MEET OUR MUSICIANS
M E E T OUR M US IC IA N S CYNTHIA ESTILL Principal Bassoon
Hometown: Mount Carmel, Illinois | Member of the Nashville Symphony since 1972 You’re retiring at the end of this season after 44 years with the Nashville Symphony. As you look back, what are some of the highlights? It has to be the Carnegie Hall trip in 2000, when Kenneth Schermerhorn was conducting. It was a great trip. My 8-year-old daughter went with us, and she got to go to the concert. The next amazing thing that happened was the opening of Schermerhorn Symphony Center in 2006. The orchestra has changed a lot over the years, and it’s gotten better and better. What repertoire have you especially enjoyed performing with the Nashville Symphony? I really loved the way Kenneth Schermerhorn conducted Mahler. We did quite a few Mahler symphonies, and that was always special, because Kenneth was very energized by the music. I think we felt that, and we could emulate his feelings. What inspired you to become a musician? I started out singing, and my mother was a singer. When I was little, she would sit down at the piano and sing Brahms, Saint-Saëns, Tchaikovsky, Schumann, just beautiful music. I was raised on classical music. My mother would have us come in and watch Leonard Bernstein’s Young People’s Concerts when we were little. She had a whistle she would blow, and whatever we were doing, we were supposed to come running. I’m sure she blew the whistle for Leonard Bernstein. Back in the 1950s, girls had a choice of three or four things they could be: a nurse, a teacher, a secretary,
or a mother.
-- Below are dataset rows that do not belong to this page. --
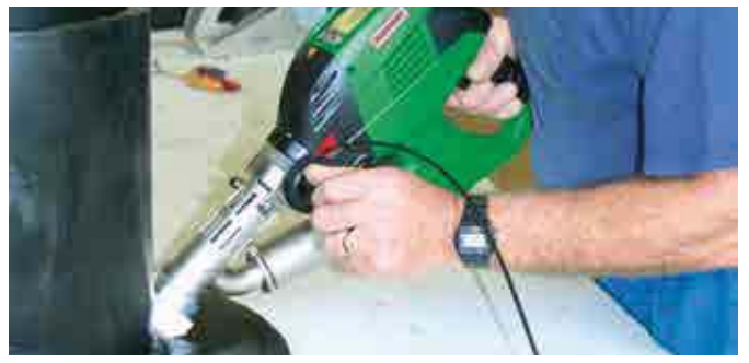
The handy WELDPLAST S2 in action.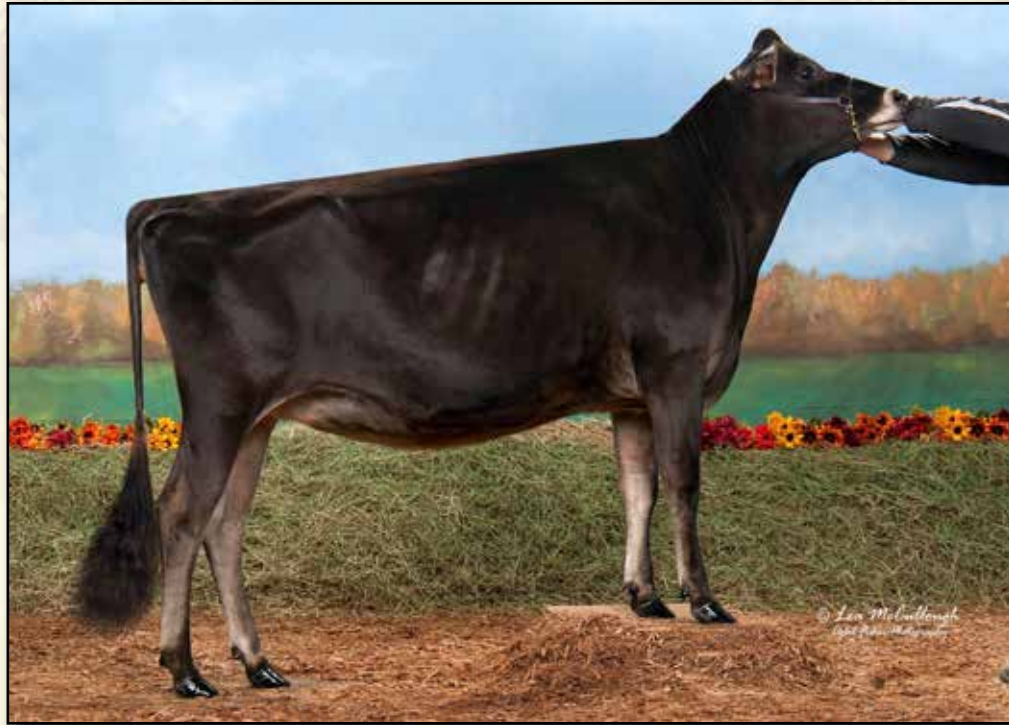
MVUE IMPRESSION ADELLE DAM OF LOT 66

Reserve All-American Winter Yearling 2014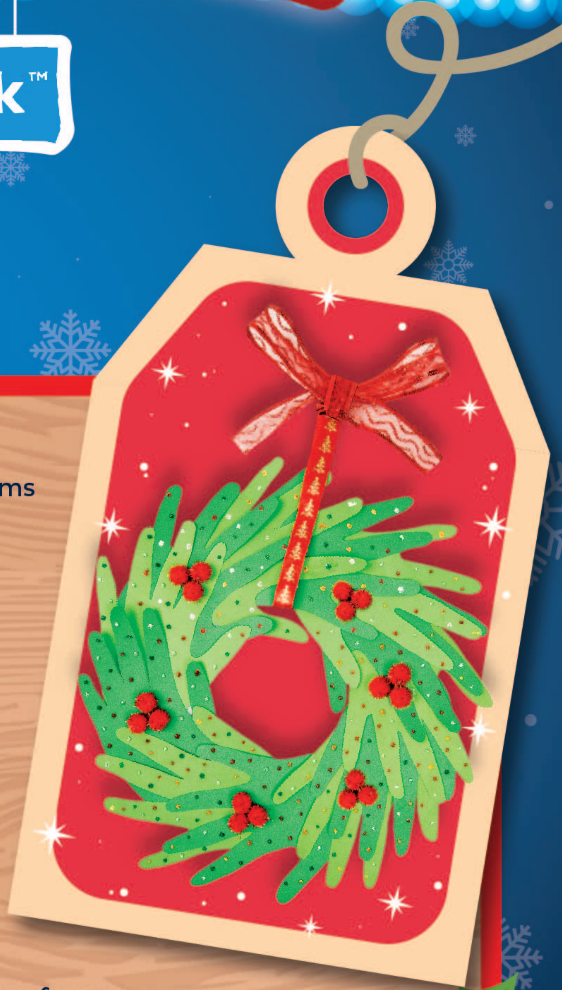
Two shades of green coloured paper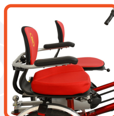
Adjustable seat with seatpillow 5 cm thick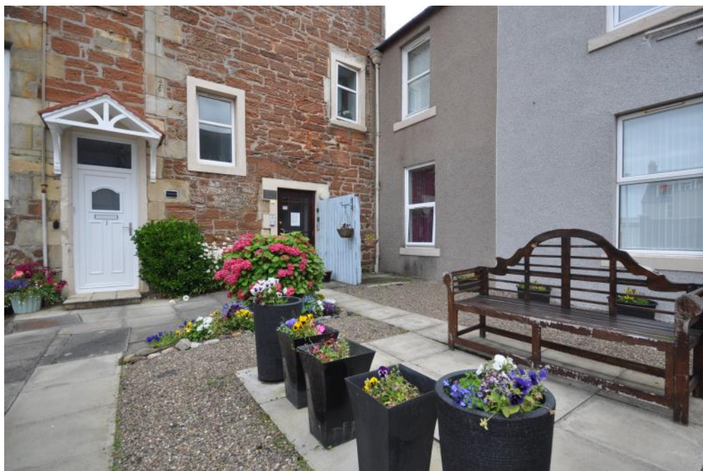
Harbour Lane Entrance, enter building through brown door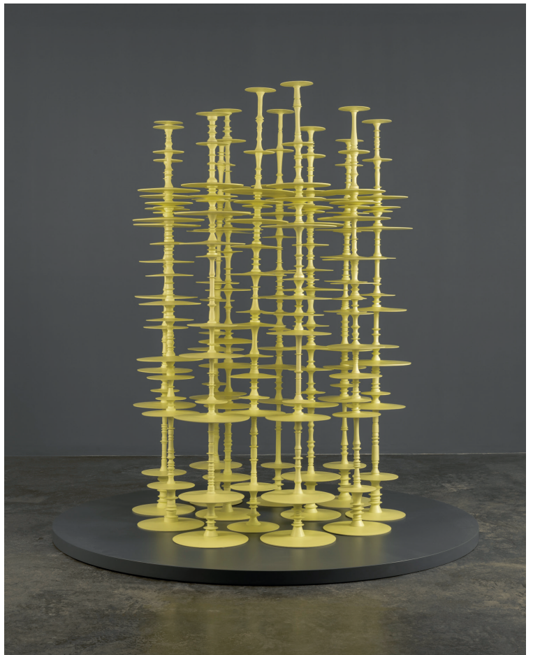
Unintended monument No: 4 - 190 x 180 x 180 cm(with pedestal) - Wooden - 2022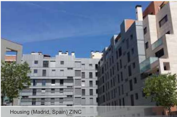
Housing (Madrid, Spain) ZINC

Bassoonist was not on the list. I’m very happy about having been a mother and a teacher, and I just inserted bassoonist as part of that too. Which composers write the best music for the bassoon? Bach realized that the bassoon could be a melodic instrument and not only part of the counterpoint. In his B-minor Mass, he has a bassoon duo as an obbligato in one of the arias, which is beautiful. And Haydn picked up the banner and used bassoon and oboe in a lot of his trios, and there are tricky parts in some of his later symphonies. Mozart wrote amazing bassoon parts, especially in the later piano concerti. And Brahms just really speaks to me. Stravinsky also writes amazing bassoon parts, and he challenged bassoon players at the turn of the 20th century with The Rite of Spring, which has a beautiful solo. Do you have retirement plans? I have a beautiful piano at home, so I’m planning to dust it off and go back to what I started on. Also, I bought an accordion, which I’m excited about, and I have a whole bunch of other instruments. I’m excited about being able to travel more. My sister and I are going to Europe this summer. I’ve always loved to sail, and I haven’t been able to spend much time doing it recently.